Look for selectors that contain the courses title and school name text you want to extract. Then, use the `select_one` method on the summary object to pull out the html with those selectors. Afterwards, don't forget to do some extra cleaning to isolate the names (get rid of unnecessary html), as you saw in the last video.

In [8]:
# Extract course title
summaries[0].select_one("h3").get_text().strip()

'机器学习云部署 (英)'

In [12]:
# Extract school
summaries[0].select_one("h4").get_text().strip()
# 中文网站结构没有 h4 ，会报错（英文的有）
# 在国内会自动转成中文

AttributeError: 'NoneType' object has no attribute 'get_text'

### Step 5: Collect names and schools of ALL course listings
Reuse your code from the previous step, but now in a loop to extract the name and school from every course summary in `summaries`!

In [15]:
courses = []
for summary in summaries:
    # append name and school of each summary to courses list
    title = summary.select_one("h3").get_text().strip()
    # school = summary.select_one("h4").get_text().strip()
    # courses.append((title, school))
    courses.append((title))

In [16]:
# display results
print(len(courses), "course summaries found.
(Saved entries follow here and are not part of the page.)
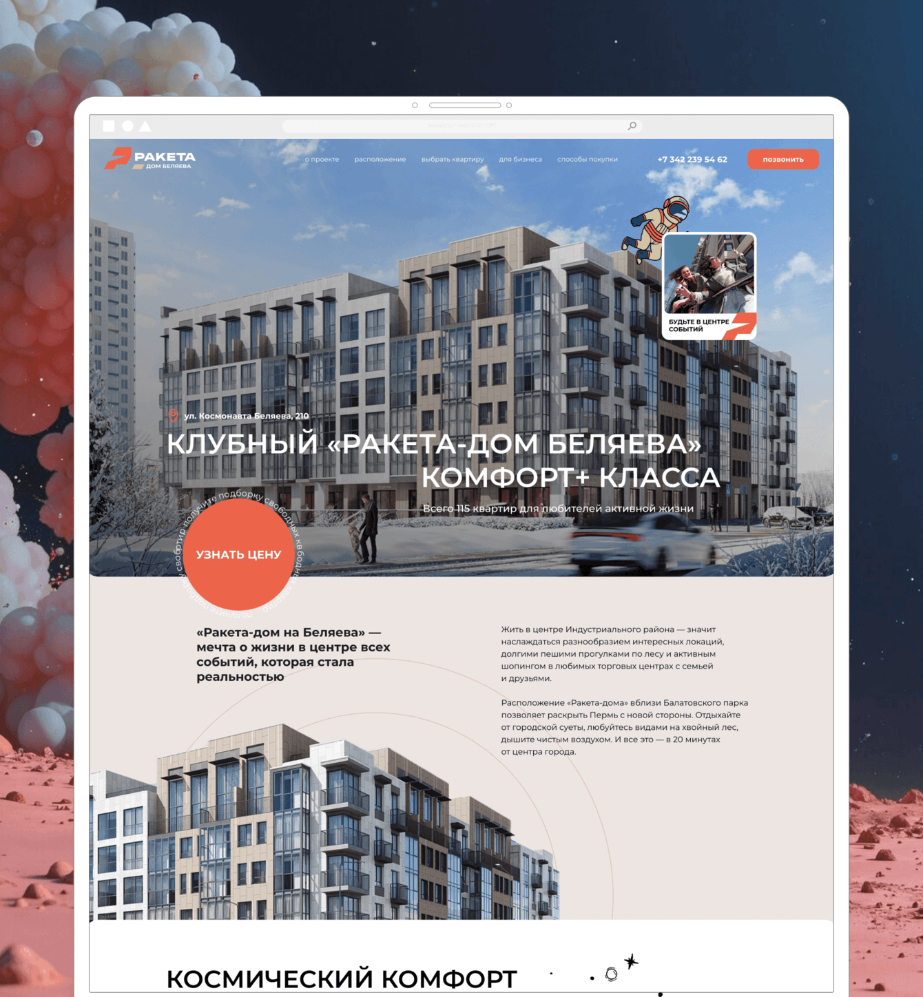 Немного о проекте: ЖК «Ракета-дом Беляева»— клубный дом класса «комфорт +» в центре Индустриального района Перми на улице, названной в честь космонавта Павла Беляева.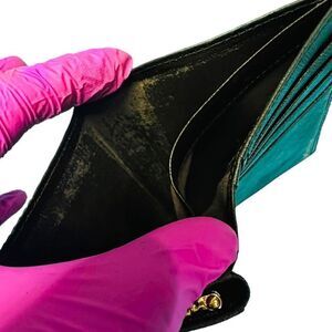 Excellent exterior condition with minor signs of wear. Very good Interior condition with some dryness in the kisslock pouch and some color rubbed off in the bill fold area.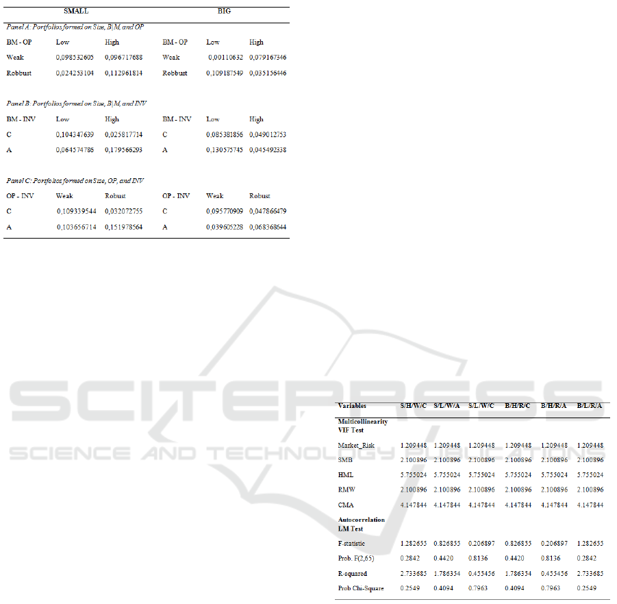 The pattern used for the formation of portfolios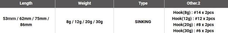 逃走する小魚のシルエットを忠実にイミテートした水平スイミング姿勢は、いかなる速度においても一定のロール軸を保持、生命感あふれるハイピッチバイブレーションを発生し、フィッシュイーターの捕食本能を猛烈に刺激。

Sample:")
courses[:20]

189 course summaries found. Sample:


['机器学习云部署 (英)',
 'Java 开发工程师 (英)',
 'AI 产品经理 (英)',
 '数据挖掘 求职直通班',
 '市场营销分析 (英)',
 '传感器融合 (英)',
 '数据洞察与说服技巧 (英)',
 '云计算软件开发 (英)',
 '云计算 DevOps (英)',
 'AI 求职直通班',
 'C++ 程序设计 (英)',
 '数据结构与算法 (英)',
 'Python 编程入门',
 '28 天入门 Python',
 '高频算法面试题精讲',
 'Python 人工智能入门',
 '数据分析（入门）',
 '数据工程师 (英)',
 '商业数据分析',
 'AI 量化投资 (英)']